[RECORDS FOR THE TASK Boundary: Start]
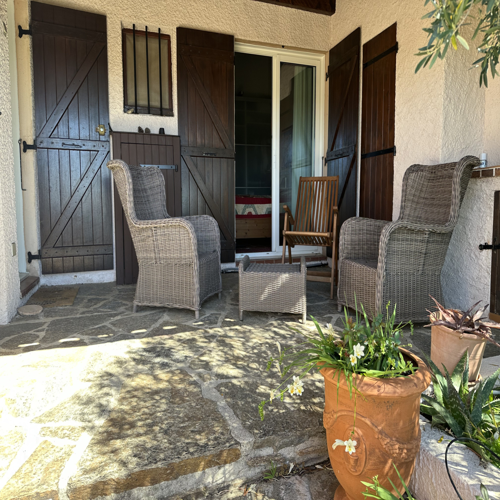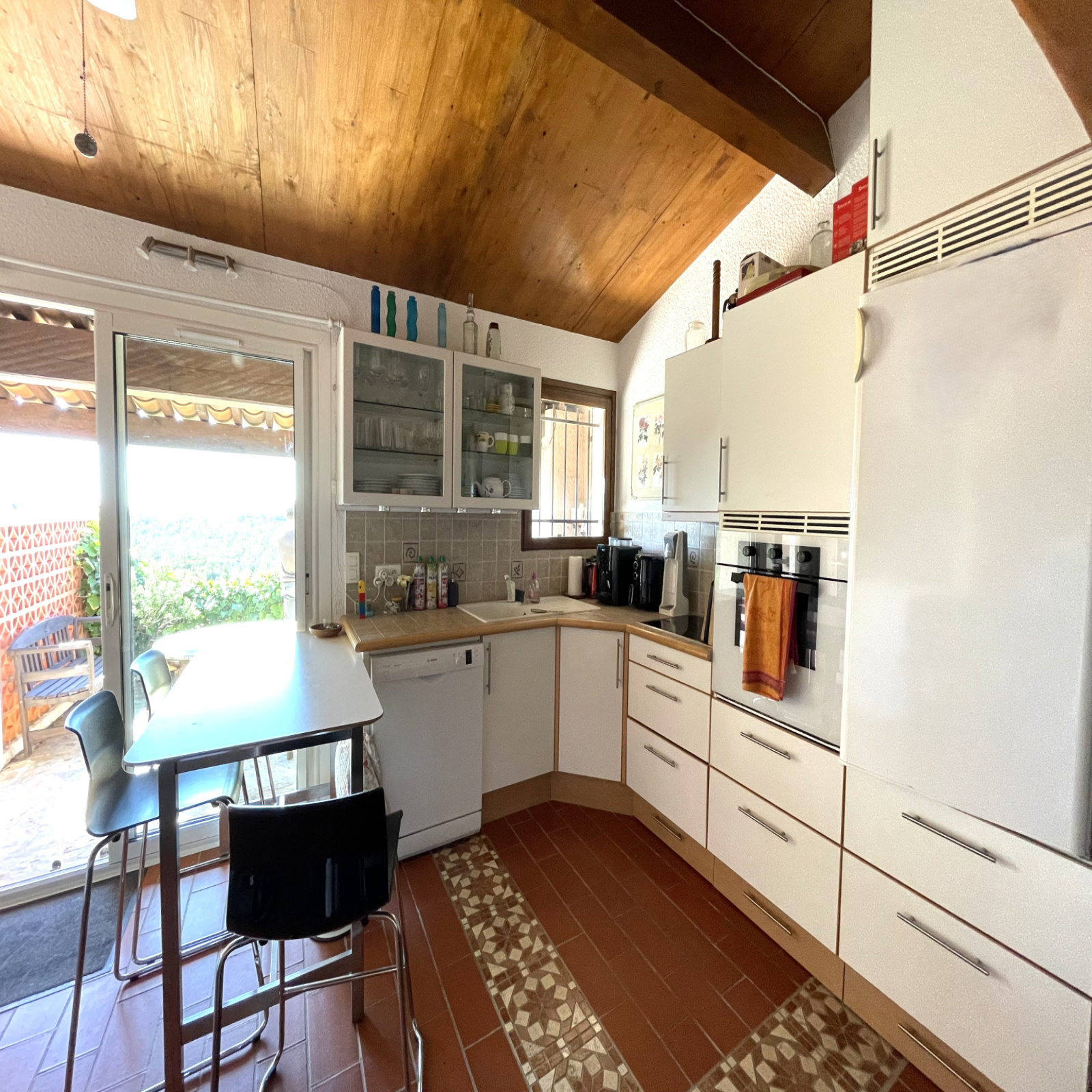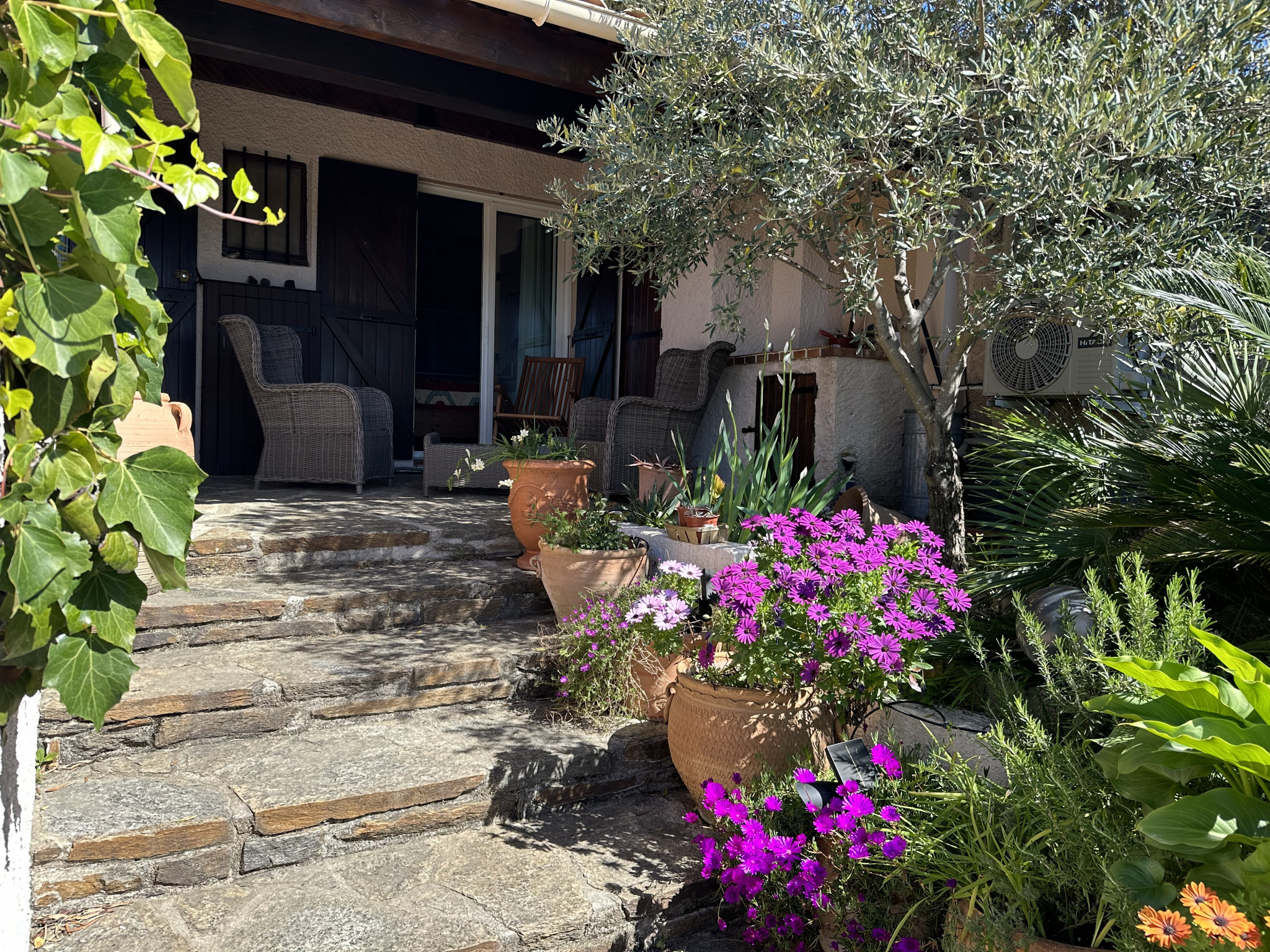 Accessible par une ruelle piétonne et quelques marches ; bordée de végétation, cette maison exposée plein sud invite immédiatement à la détente. Son véritable atout ? Une magnifique terrasse ombragée d’environ 30 m², pensée comme une pièce à vivre supplémentaire, avec cuisine d’été intégrée — parfaite pour prolonger les soirées en extérieur, entre ombre et lumière.
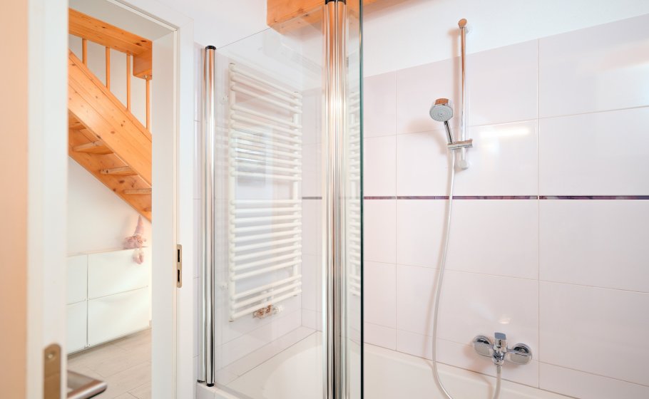 From the entrance hallway, stairs lead to a mezzanine level, where there is a bedroom with a gallery and a bathroom. The room is 20m² with a bed measuring 80x200 (extendable to 160x200), and the gallery is 13m², containing two beds of 90x200. The bathroom is 4.5m² and has a bathtub. This entire area is primarily designed for children but can also work for adults.
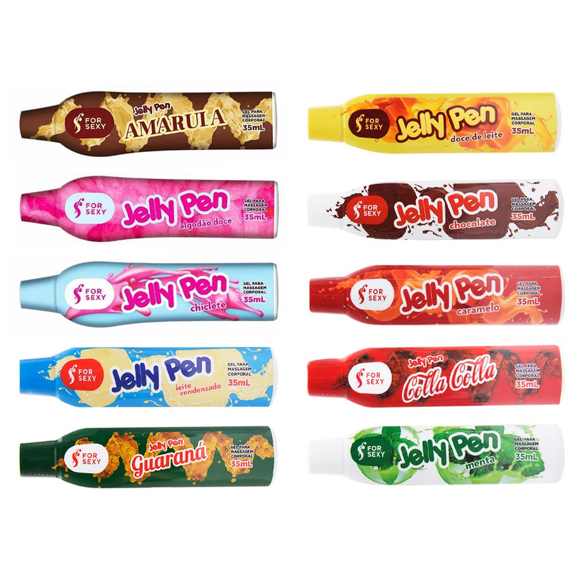 A Caneta Gel Jelly Pen 35ml possui diversas opções deliciosas: algodão doce , amarula, caramelo, chiclete, chocolate, coca cola, doce de leite, guaraná, leite condensado e menta.
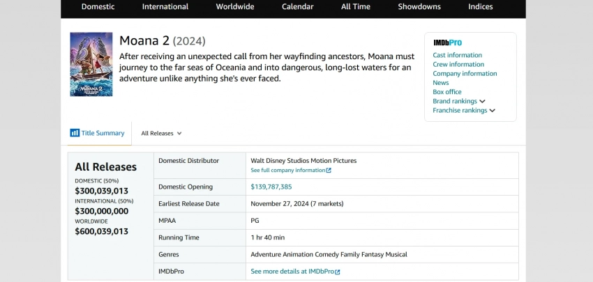 Главные новости » Новости кино » Сиквел «Моаны» встал сразу за второй «Дюной» в топе самых кассовых фильмов 2024 года
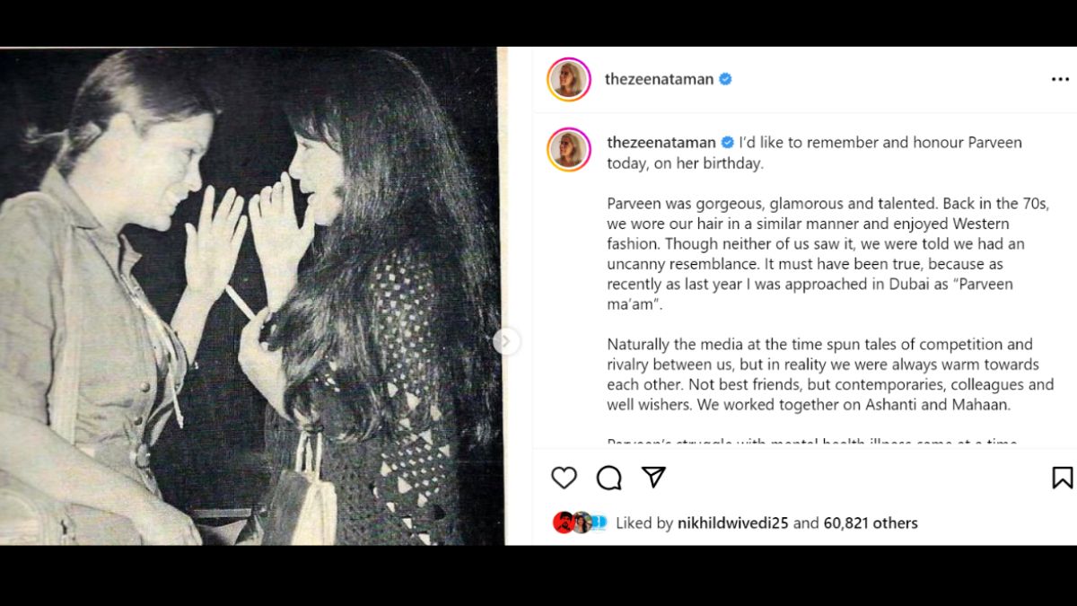 बीते साल जीनत अमान ने अपने ऑफिशियल इंस्टाग्राम हैंडल पर एक पोस्ट शेयर कर, जिसमें परवीन बाबी की तस्वीर भी शामिल थी। इस पोस्ट में परवीन संग अपने रिश्ते पर जीनत ने खुलकर बात की। इस दौरान उन्होंने बताया- हमारी शक्लें एक जैसी थीं, लोगों का मानना था कि हम जुड़वा बहनें हैं, लेकिन ऐसा नहीं था।
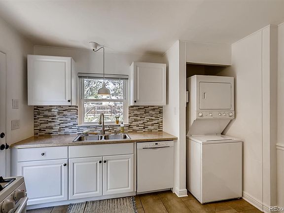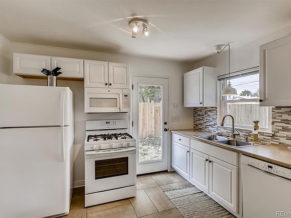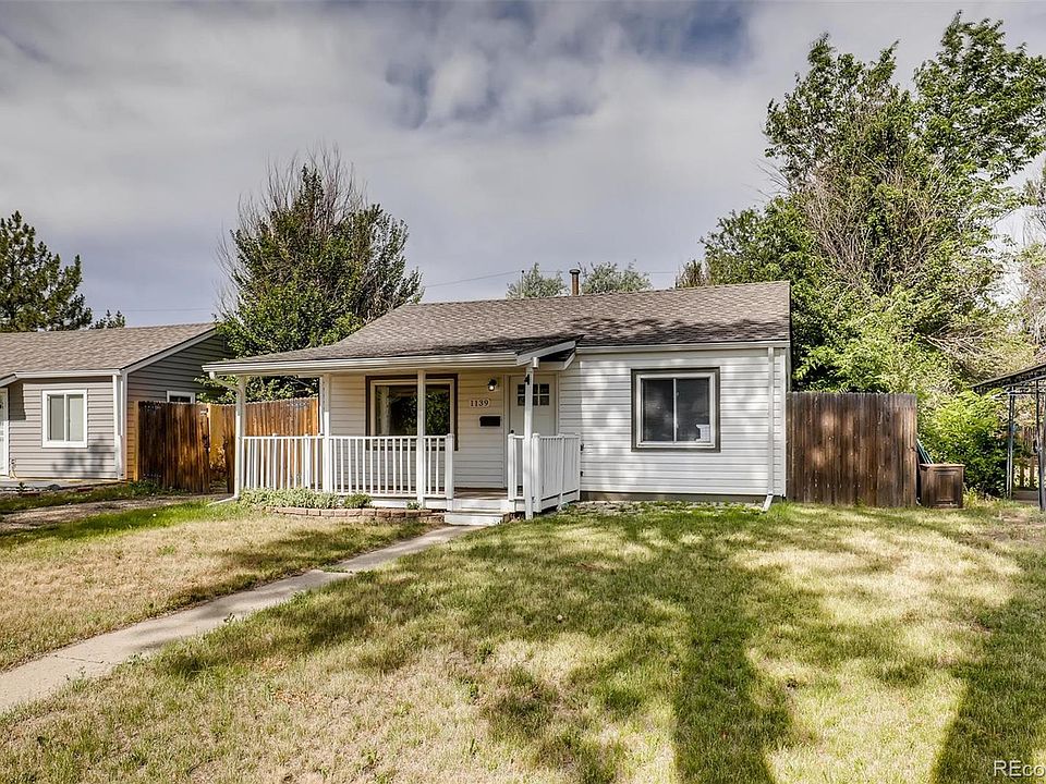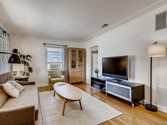 Charm Galore!! Walk in to this light filled living room with beautiful hardwood floors. The updated kitchen is perfect for a home chef with lots of cabinets for storage and room for a table, perfect for that person keeping the chef company or just hanging out. Nice size 2 bedrooms with ceiling fans providing white noise and a cooling nights sleep. Did you see that huge fenced-in backyard! Imagine the BBQ's and parties, set up a Corn Hole game and invite all your family and friends. This is a Great Neighborhood, close to Lowry Town Center with Restaurants, Shops and a Beer Gardens. Enjoy walking your dog to the park up the street. With easy access to 225, I-70, University Health Center, VA Hospital and the airport. This is the home for you! Do you like the staging furniture, it's negotiable in the sale of the home.
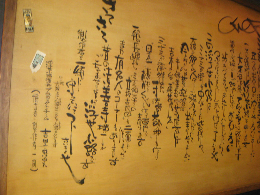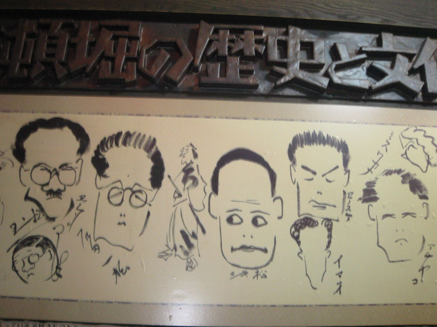 中は提灯が並ぶレトロな空間になっています。小さな神社や昔の風景がイラストで描かれており、桂春団治さんの写真なども展示されています。
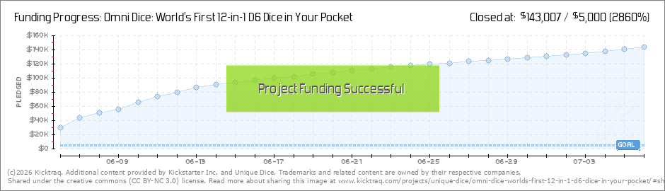 ❤️ Thank You! We made it! Dear Omni Dice backers, Our Kickstarter Campaign has come to an end. With the love and support from all of you, we reached the goal of $143, 007 with 1,678 backers eventually. THANK YOU SO MUCH for helping us... (Read More)
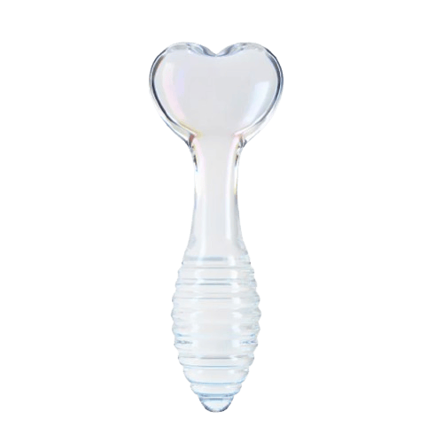 Plug anal de vidro com formato de coração transparente, feito de vidro temperado, sendo assim mais dificil de quebrar, mas sempre verifique se o plug não contem nenhum rachado/trincado.
[RECORDS FOR THE TASK Boundary: End]
◆ EXERCISE GOAL
Copy exactly, please, every line from the one holding "Charm Galore!! Walk" through the last line of the data, both ends included, and no pictures.

◆ TASK SOLUTION
 Charm Galore!! Walk in to this light filled living room with beautiful hardwood floors. The updated kitchen is perfect for a home chef with lots of cabinets for storage and room for a table, perfect for that person keeping the chef company or just hanging out. Nice size 2 bedrooms with ceiling fans providing white noise and a cooling nights sleep. Did you see that huge fenced-in backyard! Imagine the BBQ's and parties, set up a Corn Hole game and invite all your family and friends. This is a Great Neighborhood, close to Lowry Town Center with Restaurants, Shops and a Beer Gardens. Enjoy walking your dog to the park up the street. With easy access to 225, I-70, University Health Center, VA Hospital and the airport. This is the home for you! Do you like the staging furniture, it's negotiable in the sale of the home.
 中は提灯が並ぶレトロな空間になっています。小さな神社や昔の風景がイラストで描かれており、桂春団治さんの写真なども展示されています。
 ❤️ Thank You! We made it! Dear Omni Dice backers, Our Kickstarter Campaign has come to an end. With the love and support from all of you, we reached the goal of $143, 007 with 1,678 backers eventually. THANK YOU SO MUCH for helping us... (Read More)
 Plug anal de vidro com formato de coração transparente, feito de vidro temperado, sendo assim mais dificil de quebrar, mas sempre verifique se o plug não contem nenhum rachado/trincado.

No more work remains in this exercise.